En el pequeño pueblo de Park City, ubicado en el estado de Utah, al sureste de los Estados Unidos, existen ocho campamentos deportivos destinados a la práctica de esquí y snowboard, actividades que representan una de las tantas razones por las que cientos de miles de turistas invaden sus calles, restaurantes y plazas en el invernal mes de enero. Pero para quienes llevamos el cine en las venas, si hay algo que en esas fechas nos une a aquella localidad es el tradicional Festival de Cine de Sundance, uno de los más importantes del mundo y cuyos 39 años los ha dedicado a celebrar, preservar y difundir lo mejor del cine independiente.

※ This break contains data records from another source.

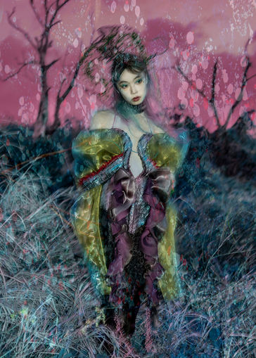 Also, she continues to present her work as an artist. She presents the stories and world views of her dresses in her photographic works.
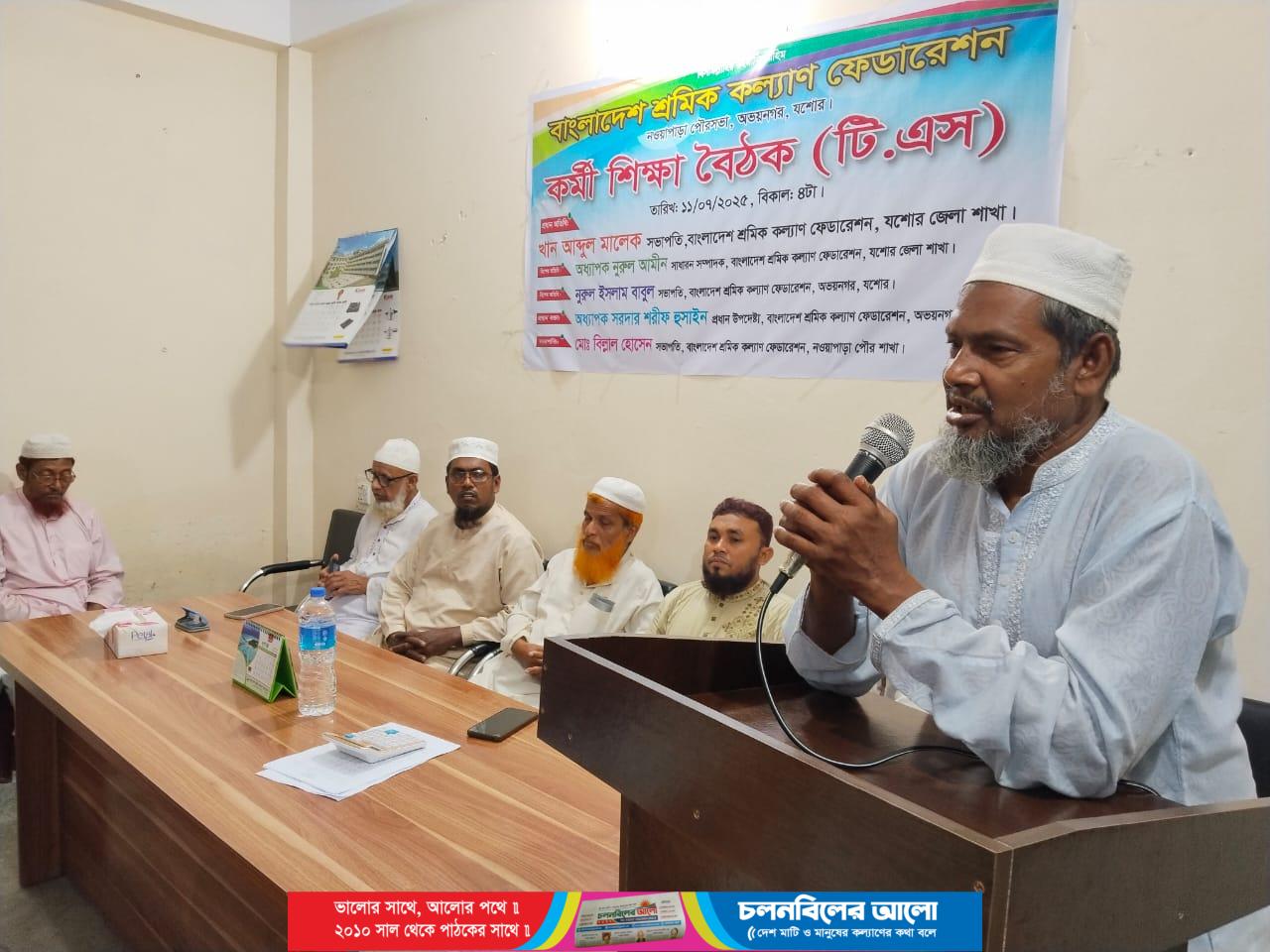 যশোরের অভয়নগরে বাংলাদেশ শ্রমিক কল্যাণ ফেডারেশন নওয়াপাড়া পৌর শাখার উদ্যোগে কর্মী শিক্ষা বৈঠক অনুষ্ঠিত হয়েছে। শুক্রবার ১১ জুলাই বিকাল ৪ টার সময় বাংলাদেশ শ্রমিক কল্যাণ ফেডারেশন অভয়নগর উপজেলার কার্যালয়ে অনুষ্ঠিত হয়। ওই কর্মী শিক্ষা সমাবেশে প্রধান অতিথি হিসাবে উপস্থিত ছিলেন বাংলাদেশ শ্রমিক কল্যাণ ফেডারেশনের যশোর জেলার সভাপতি আব্দুল মালেক খান। এতে প্রধান বক্তা অধ্যাপক সর্দার শরীফ হোসেন আমীর বাংলাদেশ জামায়াতে ইসলামী অভয়নগর উপজেলা। বিশেষ অতিথি -অধ্যাপক নুরুল আমিন জেলা সাধারণ সম্পাদক, বিশেষ অতিথি জনাব নুরুল ইসলাম বাবুল, সভাপতি বাংলাদেশ শ্রমিক কল্যাণ ফেডারেশন অভয়নগর উপজেলা, মোঃ ইউনুছ আকুঞ্জি ,সাধারণ সম্পাদক বাংলাদেশ শ্রমিক কল্যাণ ফেডারেশন অভয়নগর উপজেলা, ওই অনুষ্ঠানের সভাপতিত্ব করেন, পৌর সভাপতি জনাব বেলাল হোসেন ,অনুষ্ঠান পরিচালনা করেন পৌর সাধারণ সম্পাদক অধ্যাপক হুমায়ুন কবির ।
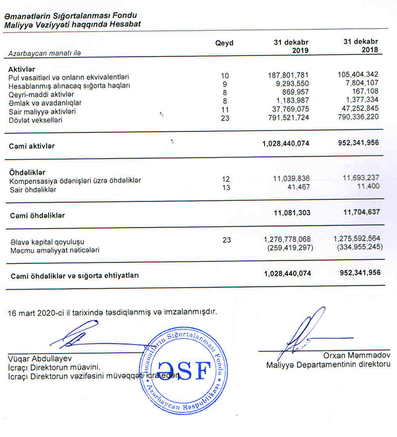 Əmanətlərin Sığortalanması Fondu bu il də mənfəət-zərər göstəricilərini açıqlamadı

En su más reciente edición, aparte de las aclamadas ‘A Ghost Story’ y ‘I Don´t Feel at Home in this World Anymore’, se encontraba ‘The Big Sick’, dirigida por Michael Showalter (‘Baxter’, ‘Hello, My Name is Doris’) y producida por el siempre notable Judd Apatow, ganándose la simpatía de la crítica y el público no solo por su excelente reparto sino por enfocar un tema tan delicado y mediático como la intolerancia cultural de una manera tan divertida y verosímil.

 “…no estamos ante una película fácil. La primera media hora sufre
de un exceso de clichés solo aguantables por el tremendo
carisma individual y colectivo de Nanjiani y Kazan”

En ella conocemos al carismático Kumail (Kumail Nanjiani) un taxista y comediante paquistaní que se niega a seguir las tradiciones de su estricta familia. En uno de sus tantos monólogos nocturnos, conoce a Emily (Zoe Kazan), una estudiante de psicología recientemente divorciada, surgiendo entre ambos una química que se irá fortaleciendo con al pasar de los meses hasta llegar a ese punto donde conocer a los padres deja de ser un impulso para convertirse en una exigencia. Ante la negativa de Kumail por cumplirla, y descubrir que su familia no le permitiría concebir un futuro junto a una “chica blanca americana”, Emily pone fin a la relación. Tiempo después, ella cae víctima de una grave infección y Kumail, siendo lo último más parecido a un familiar, firma un documento autorizando que la induzcan en un coma mientras intentan salvarle la vida. La posterior llegada de los padres de Emily y su inevitable conflicto con quien traicionó la confianza de su hija será el elemento diferencial que haga de ‘The Big Sick’ una de las mejores comedias románticas del año.

A pesar de sus méritos, no estamos ante una película fácil. La primera media hora sufre de un exceso de clichés solo aguantables por el tremendo carisma individual y colectivo de Nanjiani y Kazan, cuyas cómplices miradas me pusieron de su lado, llegando incluso a crear cierta expectativa por lo que su relación mostraría en esas inevitables secuencias de montaje estilo Hallmark Channel y que poco favor le hacen a la palabra elipsis.

“…una película fresca y, dentro de su contexto, atrevida, que nos
recuerda la importancia de celebrar aquello que nos une
antes que renegar de lo que nos separa”

Es la enfermedad a la que el título hace referencia lo que cambia la atmósfera de la historia, reemplazando la juvenil ilusión de los protagonistas por la dramática realidad que viven Terry y Beth, los padres de Emily, ante la posibilidad de perder a su única hija. Terry es cándido y diplomático, de gestos y miradas que parecen pedir constantemente permiso y perdón, mientras que Beth es todo lo contrario y más. Y cuando digo más, me refiero a la descomunal riqueza que el talento de Holly Hunter pudo sacar del guion que el propio Nanjiani y su pareja, Emily V. Gordon, escribieron junto a Apatow.

La influencia del productor neoyorkino no parece haberse limitado a la escritura del guion, ya que la libertad de improvisación que caracteriza su manera de dirigir actores es evidente en muchas escenas de la película, especialmente en las de Romano y Nanjiani, experimentados comediantes, logrando así una autenticidad que me hizo empatizar con sus deseos y miedos.

De todos los géneros cinematográficos, es en la comedia donde la lucha por un objetivo tiene mayor importancia, ya que empuja al personaje frente a situaciones y decisiones tan desesperantes que, en el colmo de la ironía, generan la risa del espectador. Así lo vi en ‘The Big Sick’, una película fresca y, dentro de su contexto, atrevida, que nos recuerda la importancia de celebrar aquello que nos une antes que renegar de lo que nos separa.